MeshWorkload: Initial Implementation #16405

tt-asaigal · 2025-01-02T18:57:25Z

Ticket

Problem description

MeshWorkload APIs need to be implemented as per the spec presented here. Please see the issue for more details and the scope of this work.

What's changed

TT-Metal Dispatch Changes:

Expose finalize as a generic function templated on Program and MeshWorkload to support computing L1 offsets for both data structures through a shared path
Move write_program_command_sequence out of the EnqueueProgramCommand and expose it as a utility function, since it is used by both MeshWorkload and Program
Add an API to query the program dispatch core per CQ per device, since this is needed by MeshCommandQueue

TT-Mesh Changes:

Add the MeshWorkload class. Currently supports Single-Program-Multi-Device and Multi-Program-Multi-Device use cases. Heterogenous Runtime Args will be brought up in a separate commit.
Add the MeshCommandQueue class. Currently piggybacks off the single device Command Queues for performing IO. All functionality will eventually be moved into the MeshCommandQueue, once we support MeshBuffer reads and writes.
The MeshCommandQueue maintains independent accelerator state for dispatching MeshWorkloads. Since buffer reads and writes are still done through the single device CQs, this state must be in sync across all CQ objects. This is done through the experimental::write_program_commands function in mesh_workload_utils.hpp
Expose top level APIs to create, populate and enqueue a MeshWorkload through a MeshCommandQueue when using Fast Dispatch
Add several sanity, randomized and end to end tests for MeshWorkload creation and dispatch

Checklist

Post commit CI passes
Blackhole Post commit (if applicable)
Model regression CI testing passes (if applicable)
Device performance regression CI testing passes (if applicable)
(For models and ops writers) Full new models tests passes
New/Existing tests provide coverage for changes

tt-asaigal · 2025-01-03T19:45:24Z

Passing post commit: https://github.com/tenstorrent/tt-metal/actions/runs/12601307589
Passing T3K unit tests: https://github.com/tenstorrent/tt-metal/actions/runs/12590783780

tests/tt_metal/distributed/distributed_fixture.hpp

omilyutin-tt · 2025-01-04T23:25:47Z

tests/tt_metal/distributed/distributed_fixture.hpp

+    }
+
+    void TearDown() override {
+        mesh_device_->close_devices();


In this PR, @TT-BrianLiu found that mesh_device_ isn't even created if the test is skipped, so TearDown needs a conditional block.

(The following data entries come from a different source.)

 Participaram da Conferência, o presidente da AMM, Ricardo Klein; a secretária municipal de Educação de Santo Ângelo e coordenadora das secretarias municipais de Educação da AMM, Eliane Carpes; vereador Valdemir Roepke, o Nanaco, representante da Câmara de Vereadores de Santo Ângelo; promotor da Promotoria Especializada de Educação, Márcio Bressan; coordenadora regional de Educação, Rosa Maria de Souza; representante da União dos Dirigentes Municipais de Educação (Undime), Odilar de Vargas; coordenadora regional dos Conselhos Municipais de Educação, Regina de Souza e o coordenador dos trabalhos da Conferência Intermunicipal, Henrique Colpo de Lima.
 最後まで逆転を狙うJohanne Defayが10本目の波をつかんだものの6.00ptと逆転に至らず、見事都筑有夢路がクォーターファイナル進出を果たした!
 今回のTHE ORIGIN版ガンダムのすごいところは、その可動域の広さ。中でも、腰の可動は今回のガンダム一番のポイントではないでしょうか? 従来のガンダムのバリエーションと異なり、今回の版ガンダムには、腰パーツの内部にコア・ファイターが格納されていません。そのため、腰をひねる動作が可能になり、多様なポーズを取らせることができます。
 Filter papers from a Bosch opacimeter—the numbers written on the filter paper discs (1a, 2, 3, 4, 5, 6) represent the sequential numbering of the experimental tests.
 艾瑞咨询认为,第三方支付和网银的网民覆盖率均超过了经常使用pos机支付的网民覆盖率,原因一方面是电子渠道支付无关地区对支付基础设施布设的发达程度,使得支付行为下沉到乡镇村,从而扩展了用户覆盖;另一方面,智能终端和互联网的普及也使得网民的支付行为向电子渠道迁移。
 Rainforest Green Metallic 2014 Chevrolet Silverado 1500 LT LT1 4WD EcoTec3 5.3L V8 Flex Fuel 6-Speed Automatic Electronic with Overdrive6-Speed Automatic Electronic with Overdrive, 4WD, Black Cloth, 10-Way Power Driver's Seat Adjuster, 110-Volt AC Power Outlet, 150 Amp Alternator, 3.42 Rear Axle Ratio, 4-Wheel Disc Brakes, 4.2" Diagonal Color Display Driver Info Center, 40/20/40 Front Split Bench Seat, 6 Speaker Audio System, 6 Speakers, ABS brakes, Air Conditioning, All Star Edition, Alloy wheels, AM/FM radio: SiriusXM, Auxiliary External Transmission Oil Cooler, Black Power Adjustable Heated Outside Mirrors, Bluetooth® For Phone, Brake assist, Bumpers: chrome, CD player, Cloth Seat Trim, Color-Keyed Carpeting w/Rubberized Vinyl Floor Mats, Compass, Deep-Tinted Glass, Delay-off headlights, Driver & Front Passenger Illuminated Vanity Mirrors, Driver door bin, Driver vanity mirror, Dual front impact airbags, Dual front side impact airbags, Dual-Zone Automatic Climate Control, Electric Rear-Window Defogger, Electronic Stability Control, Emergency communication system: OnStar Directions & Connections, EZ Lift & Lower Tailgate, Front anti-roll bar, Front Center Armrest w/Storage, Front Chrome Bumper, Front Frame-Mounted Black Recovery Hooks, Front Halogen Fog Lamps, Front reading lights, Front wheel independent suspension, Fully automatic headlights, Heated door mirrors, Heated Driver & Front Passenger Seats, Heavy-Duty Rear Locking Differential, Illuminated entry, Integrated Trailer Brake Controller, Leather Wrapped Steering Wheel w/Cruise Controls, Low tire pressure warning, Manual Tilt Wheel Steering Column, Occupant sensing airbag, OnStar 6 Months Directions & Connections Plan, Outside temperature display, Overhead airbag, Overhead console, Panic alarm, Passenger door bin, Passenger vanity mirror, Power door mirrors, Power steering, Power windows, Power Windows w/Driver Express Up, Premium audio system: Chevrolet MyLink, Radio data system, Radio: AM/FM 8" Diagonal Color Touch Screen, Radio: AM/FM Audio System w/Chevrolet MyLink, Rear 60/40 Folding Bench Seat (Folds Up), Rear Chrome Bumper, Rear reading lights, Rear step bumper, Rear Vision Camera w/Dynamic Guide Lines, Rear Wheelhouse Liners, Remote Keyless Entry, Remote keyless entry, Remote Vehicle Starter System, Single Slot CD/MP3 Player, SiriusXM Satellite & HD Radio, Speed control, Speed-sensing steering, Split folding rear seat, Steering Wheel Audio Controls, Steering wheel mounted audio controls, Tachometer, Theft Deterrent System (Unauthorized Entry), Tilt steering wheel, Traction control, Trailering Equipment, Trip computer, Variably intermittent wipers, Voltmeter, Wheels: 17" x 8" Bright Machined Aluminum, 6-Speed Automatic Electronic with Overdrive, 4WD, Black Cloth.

This is a duplicated code btw, can we use the fixture you defined here in place of that in tests/ttnn/unit_tests/gtests/ttnn_test_fixtures.hpp? https://github.com/tenstorrent/tt-metal/blob/aaf2d7304c138c046efd5c0a94c14da3e6f95ce4/tests/tt_metal/tt_metal/common/multi_device_fixture.hpp would be even better!

Ideally the tests would #include this header directly, but I think for the time being you can add forwarding include in the ttnn_test_fixtures and just delete T3kMultiDeviceFixture.

I've updated the teardown step for the distributed fixture. Changing other mutl-device fixtures is outside the scope of this PR, will clean this up in a separate change.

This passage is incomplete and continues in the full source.